L’ultima immagine che il conte vide fu quella di suo figlio. Il volto sconvolto, le lacrime agli occhi. Fin troppo sensibile, come aveva potuto renderlo tanto infelice? Ma c’era qualcos’altro nel suo sguardo, oltre al dolore, anche stupore, comprensione, come una specie di rivelazione e lo guardava come se volesse dirgli qualcosa, ma senza trovare le parole. Forse… Forse l’aveva vista anche lui? Forse… no, era impossibile, come avrebbe potuto? Eppure…
Il vecchio maestro non poté porsi altra domande, scivolò a terra e morì.

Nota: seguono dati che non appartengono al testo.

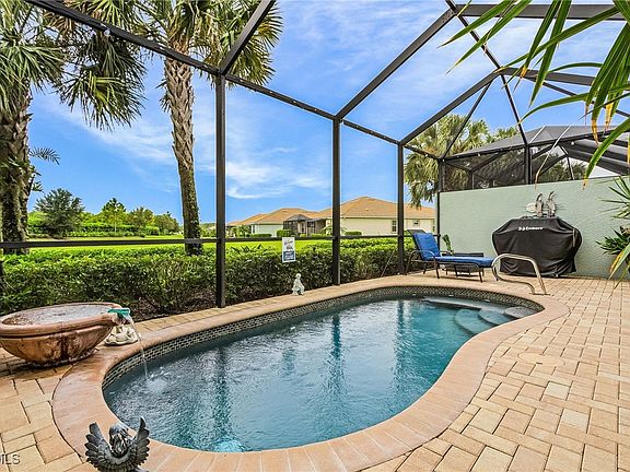 A must see villa with a great backyard setting to enjoy the screened lanai with private pool and additional lighting. There is a screened slider on the lanai that leads to the living room with crown molding and remote Roman Shades. This 3 Bedroom home boasts many upgrades starting with a screened entry with glass insert front door. There are tile floors through the main living area, Luxury Vinyl Plank flooring in the Primary and new carpet (2025) in the guest rooms. The Kitchen has beautiful two tone cabinets with under cabinet lighting, an Island and wine bar with pull out shelves, additional cabinetry in the eating area plus a Keurig coffee maker with a direct line. There are newer LG appliances with transferable coverage (5/2026). Other upgrades: Hurricane Shutters, whole home water purifier and RO (2020), Hot Water Heater (2021), HVAC with UV Light (2024), new pool pump (2024) and all LED lighting. The interior was painted (2024), exterior painted (2025), roof baffles and vents resealed (2024), fresh landscaping (2024) roof cleaned (2025) and tile floors sealed (10/2025) with a 5 year transferable warranty. There is a portable whole home generator (2024) and lanai TV that will convey with the home. This home has it all where you can move right in and start to enjoy your new resort lifestyle. Pelican Preserve is a nationally recognized active adult 55+ community with endless amenities including the Flip Flops outdoor restaurant, 3 pools, Tennis, Pickleball, Bocce, Softball, Fitness, Movie Theater, Billiards, Hobby Rooms, Amphitheater, Destinations indoor restaurant, plus many special events throughout the year. The Brokke Center includes a Library, Card Rooms and Coffee Center for socializing with friends. Pelican Preserve has a 27 hole Private Golf Club with optional memberships. Pelican Preserve is a short drive to RSW Airport and many shops and restaurants and the gulf coast beaches. It's time to call this your next home. Some furniture is available in a separate bill of sale.
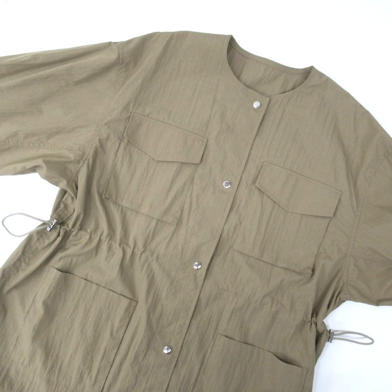 マットなカラーにほんのりとした光沢感があるしなやかな素材感。ウエストのドローコードでフェミニンさもプラスされています。

La stoccata perfetta non esiste, o meglio, ce ne sono tante. Ogni colpo che raggiunge il suo scopo è perfetto. Ma con la mossa opportuna lo si potrebbe parare. Quindi un assalto tra spadaccini esperti in teoria potrebbe durare in eterno. Ma il Destino, che spesso si serve dell'imprevisto, pone fine alla lotta, inducendo in errore uno degli avversari. Perciò il segreto è questo: occorre concentrarsi e tenere a bada il Destino, anche solo il tempo necessario perchè l'errore lo commetta l'altro. Tutto il resto è illusione.